Address Binding Accountability for Corporations
In paragraph 53 of his interim report, Ruggie acknowledges the well-known deficits of existing voluntary initiatives and instruments addressing corporate responsibility for human rights protections:
One weakness is that most choose their own definitionsand standards of human rights, influenced by but rarely based directly on internationally agreed standards…. Much the same is true of their accountability provisions. … [E]ven when taken together these “fragments” leave many areas of human rights uncovered and human rights in many geographical areas poorly protected…. The challenge for the human rights community then is to make the promotion and protection of human rights a more standard and uniform corporate practice.
At least on these points we can agree with this report, but hazard to go even further by asking: “What accountability provisions?”

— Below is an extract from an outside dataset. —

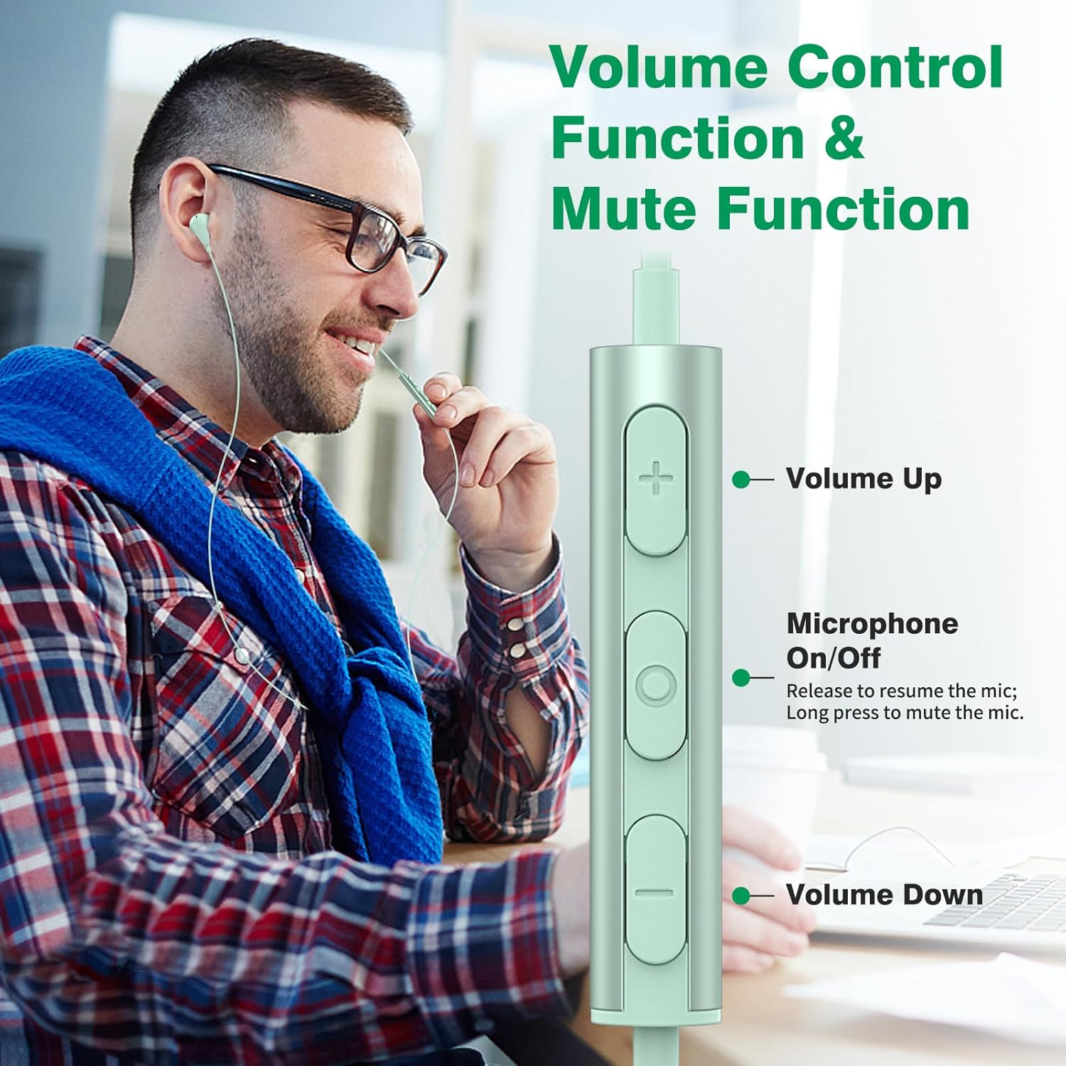 • USB A слушалки с HD чат: Слушалки с микрофони. Компютърът има вграден микрофон, който точно улавя гласа ви. Осигурява висококачествени гласови разговори и видео комуникация с висока издръжливост и стабилност за дълги периоди от време. Отличното качество на звука ви предлага перфектно изживяване. Съвет: Дръжте кабела на слушалките над дрехите си, така че микрофонът да улавя гласа ви точно.

In paragraphs 70-81, Ruggie outlines the process he intends to undertake to address these deficiencies: “A mapping of corporate responsibilities using such distinctions as its coordinates would have considerable practical utilities for companies, governments and civil society alike.” In this respect, Ruggie’s consideration of the process which came before him would be useful, such a “mapping” can already be found in the Report of the United Nations High Commissioner on Human Rights on the Responsibilities of Transnational Corporations and Related Business Enterprises with Regard to Human Rights .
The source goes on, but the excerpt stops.